# Fit sine wave with a distorted time-base

If your resolution is high enough, then this is basically an angle-demodulation problem. The standard way to demodulate an angle-modulated signal is to take the derivative, followed by an envelope detector, followed by an integrator.

Since I don't know the exact numbers you're using, I'll show an example with my own numbers. Suppose my original timebase has 10 million points from 0 to 100:

```
t = 0:0.00001:100;
```

I then get the distorted timebase and calculate the distorted sine wave:

```
td = 0.02*(t+2).^3;
yd = sin(td);
```

Now I can demodulate it.
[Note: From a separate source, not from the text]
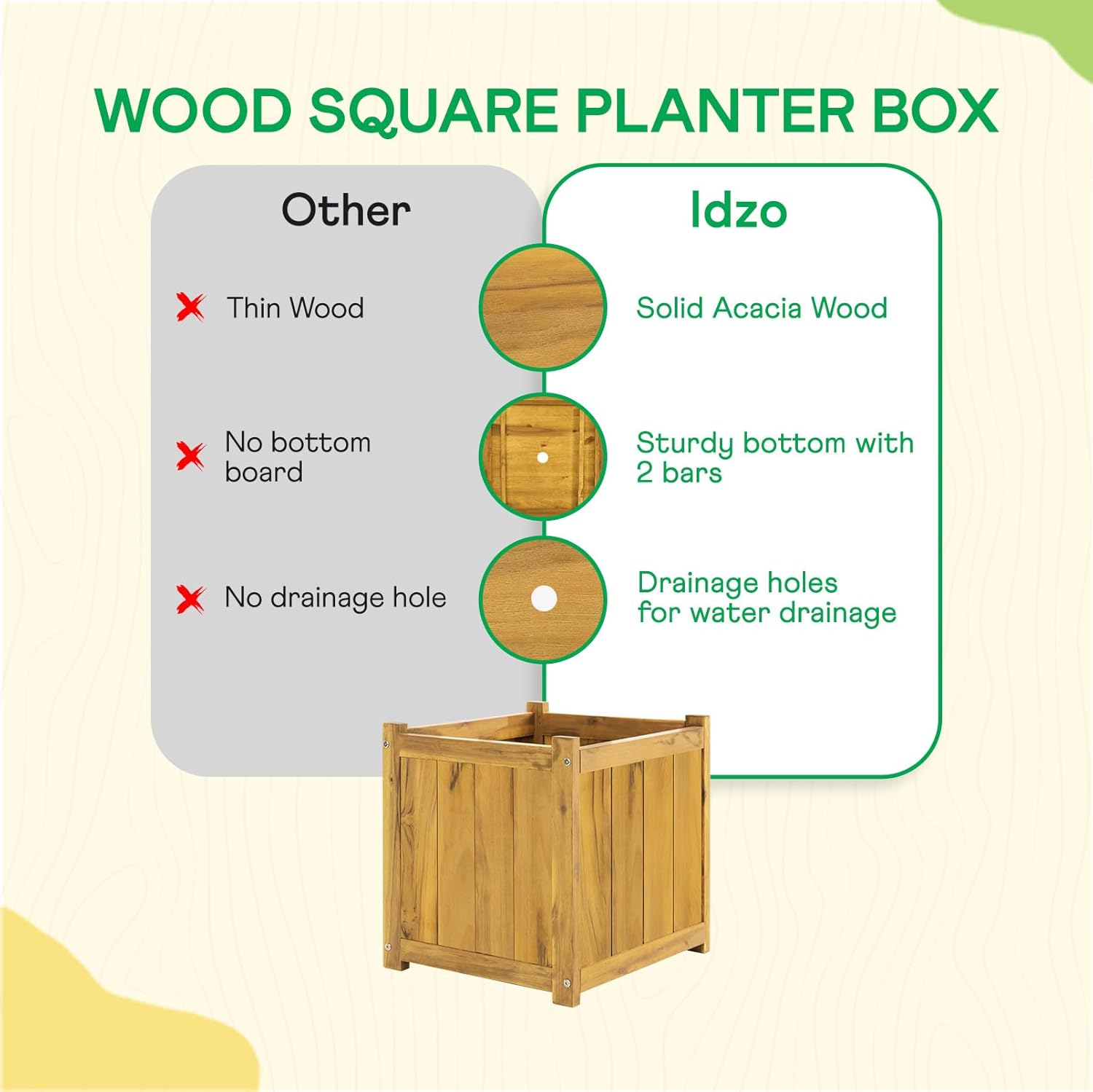 IDZO Acacia Wood Flower Planter Box for Outdoor Plants, 1pc Wooden Raised Garden Bed with Handles, Drainage Holes, Ideal for Garden and Home Décor, Golden Teak

Take the "derivative" using approximate differences divided by the step size from before:

```
ydot = diff(yd)/0.00001;
```

The envelope can be easily detected:

```
envelope = abs(hilbert(ydot));
```

This gives an approximation for the derivative of P(t). The last step is an integrator, which I can approximate using a cumulative sum (we have to scale it again by the step size):

```
tdguess = cumsum(envelope)*0.00001;
```

This gives a curve that's almost identical to the original distorted timebase (so, it gives a good approximation of P(t)):

You won't be able to get the constant term of the polynomial since we made our approximation from its derivative, which of course eliminates the constant term. You wouldn't even be able to find a unique constant term mathematically from just `yd`

, since infinitely many values will yield the same distorted sine wave. You can get the other three coefficients of P(t) using polyfit if you know the degree of P(t) (ignore the last number, it's the constant term):

```
>> polyfit(t(1:10000000), tdguess, 3)
ans =
0.0200 0.1201 0.2358 0.4915
```

This is pretty close to the original, aside from the constant term: 0.02*(t+2)^3 = 0.02t^3 + 0.12t^2 + 0.24t + 0.16.

You wanted the inverse mapping Q(t). Can you do that knowing a close approximation for P(t) as found so far?